### Work item
Please output exactly the lines from the one that holds "4、自动播放功能,动态看云层的发展形势。" through the final line of the data, and nothing else; leave out any pictures.

### Dataset section
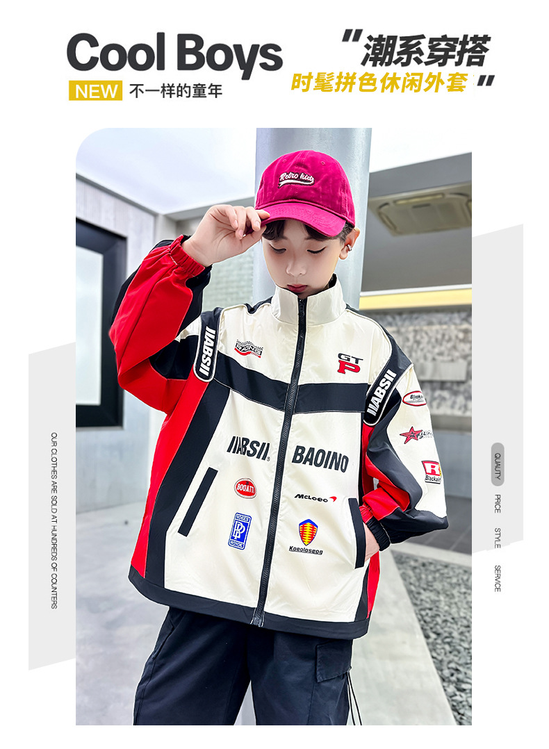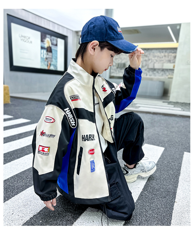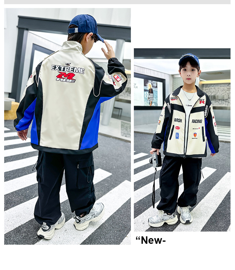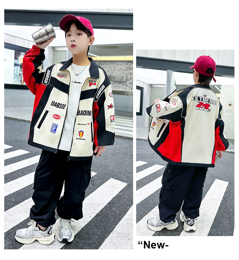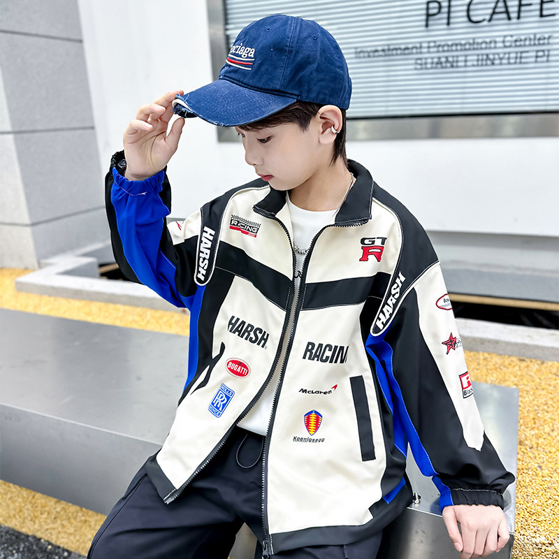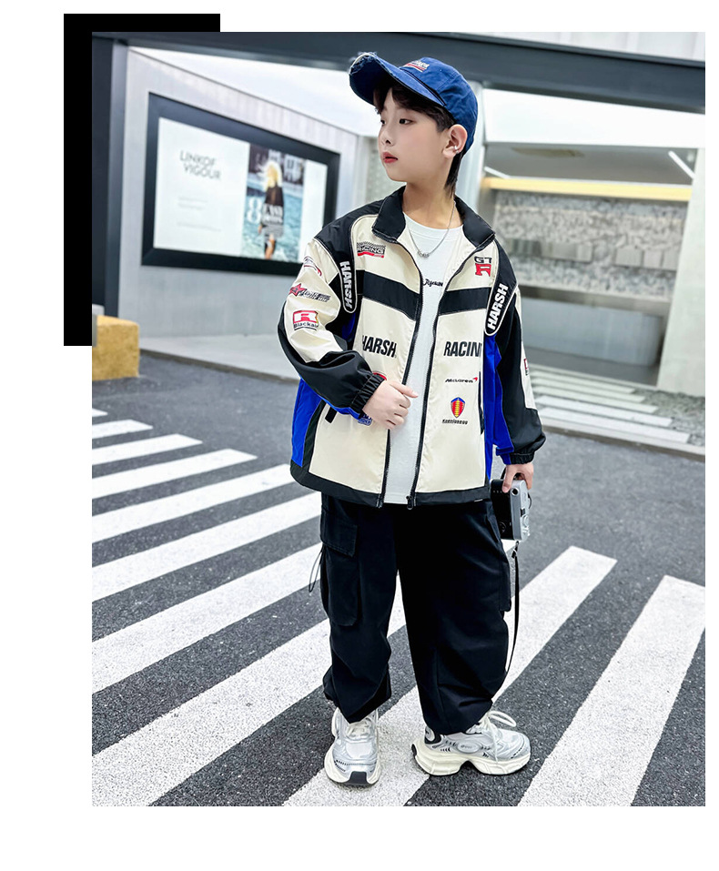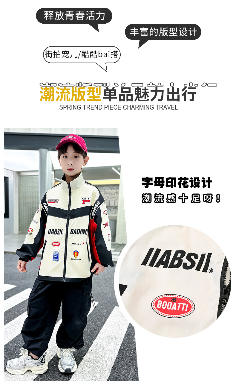 어린이 봄 착용 소년 바이커 세트 폭발 거리 2025 봄과 가을 새로운 스타일 미드 빅 어린이 봄 재킷 코트 유행스토어 가기
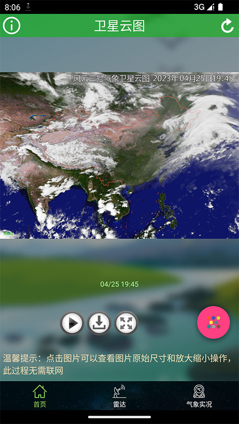 4、自动播放功能,动态看云层的发展形势。
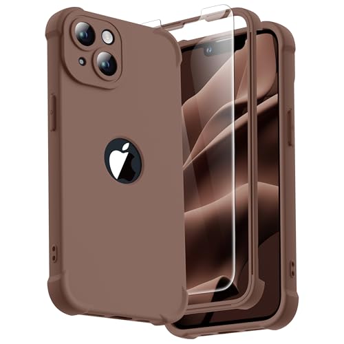 ORETECH for iPhone 14 Case 6.1 inch, with [2 Pack Screen Protector] [Camera Lens Guard] [15FT Military Grade Drop Test] 360° Shockproof Slim Fit Design Rubber Bumper Phone Cover - Brown
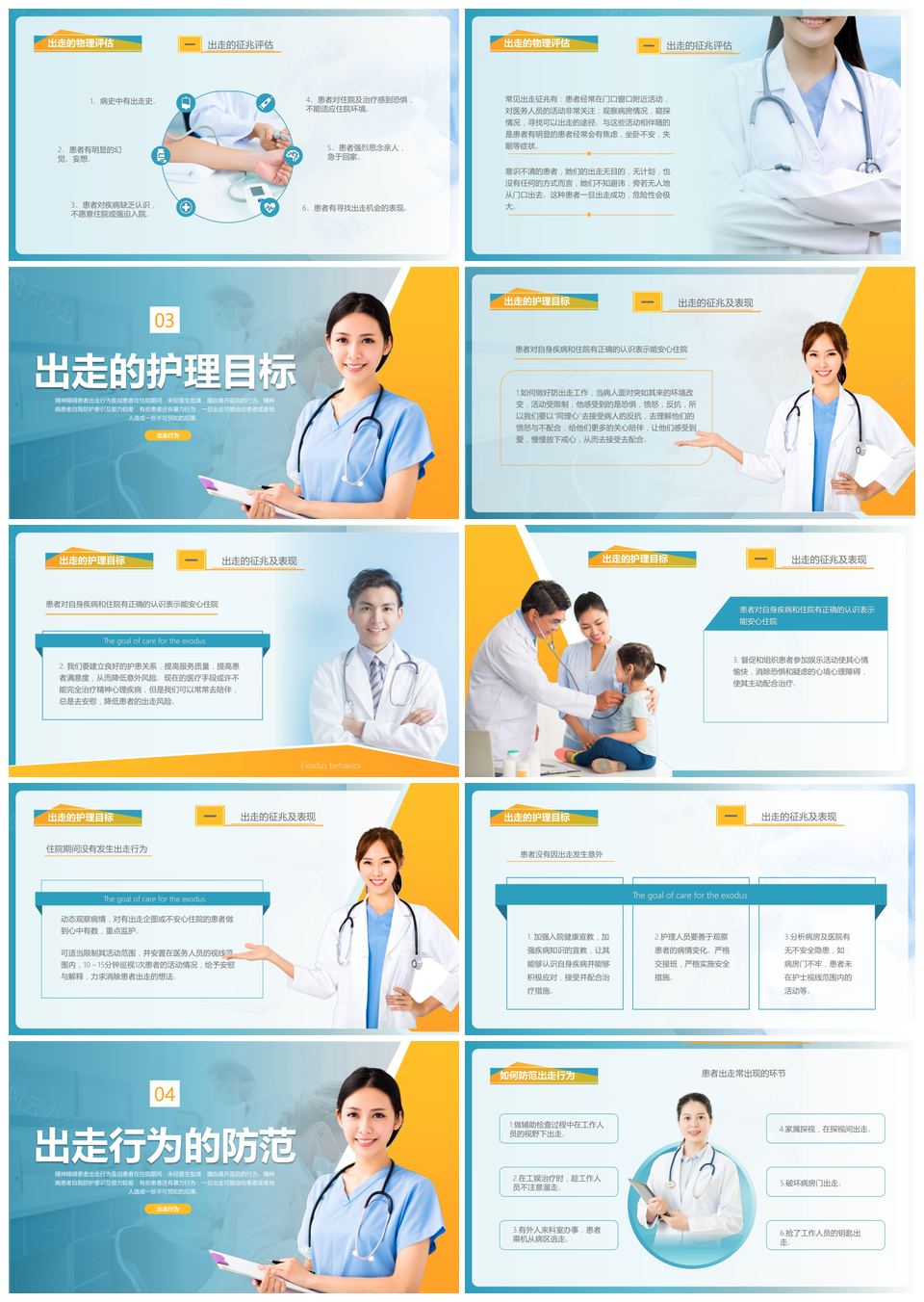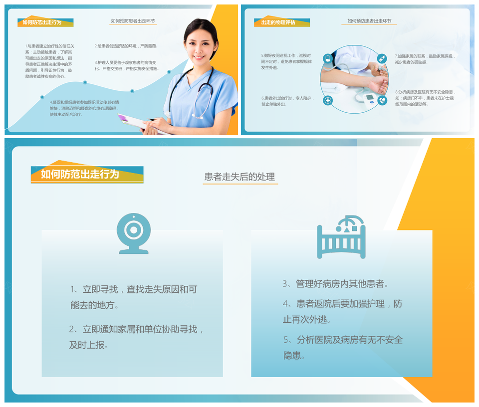 这是一张商务医务出走防范护理培训课件,包含商务、医务、出走、防范、护理、培训、课件等主题内容,也可用作防范护理培训课件、商务医务防范护理、医务护理培训课件、防范护理培训、护理培训课件、商务医务培训、商务防范护理、出走防范护理、医务护理培训、商务医务、防范护理、护理培训、培训课件、医务护理、出走防范等PPT场景使用。 风云办公提供的商务医务出走防范护理培训课件,下载格式为pptx,一共21页,作品中文字及图均可以修改和编辑,图片更改请在作品中右键图片并更换,文字修改请直接点击文字进行修改。

### Written answer
 4、自动播放功能,动态看云层的发展形势。
 ORETECH for iPhone 14 Case 6.1 inch, with [2 Pack Screen Protector] [Camera Lens Guard] [15FT Military Grade Drop Test] 360° Shockproof Slim Fit Design Rubber Bumper Phone Cover - Brown
 这是一张商务医务出走防范护理培训课件,包含商务、医务、出走、防范、护理、培训、课件等主题内容,也可用作防范护理培训课件、商务医务防范护理、医务护理培训课件、防范护理培训、护理培训课件、商务医务培训、商务防范护理、出走防范护理、医务护理培训、商务医务、防范护理、护理培训、培训课件、医务护理、出走防范等PPT场景使用。 风云办公提供的商务医务出走防范护理培训课件,下载格式为pptx,一共21页,作品中文字及图均可以修改和编辑,图片更改请在作品中右键图片并更换,文字修改请直接点击文字进行修改。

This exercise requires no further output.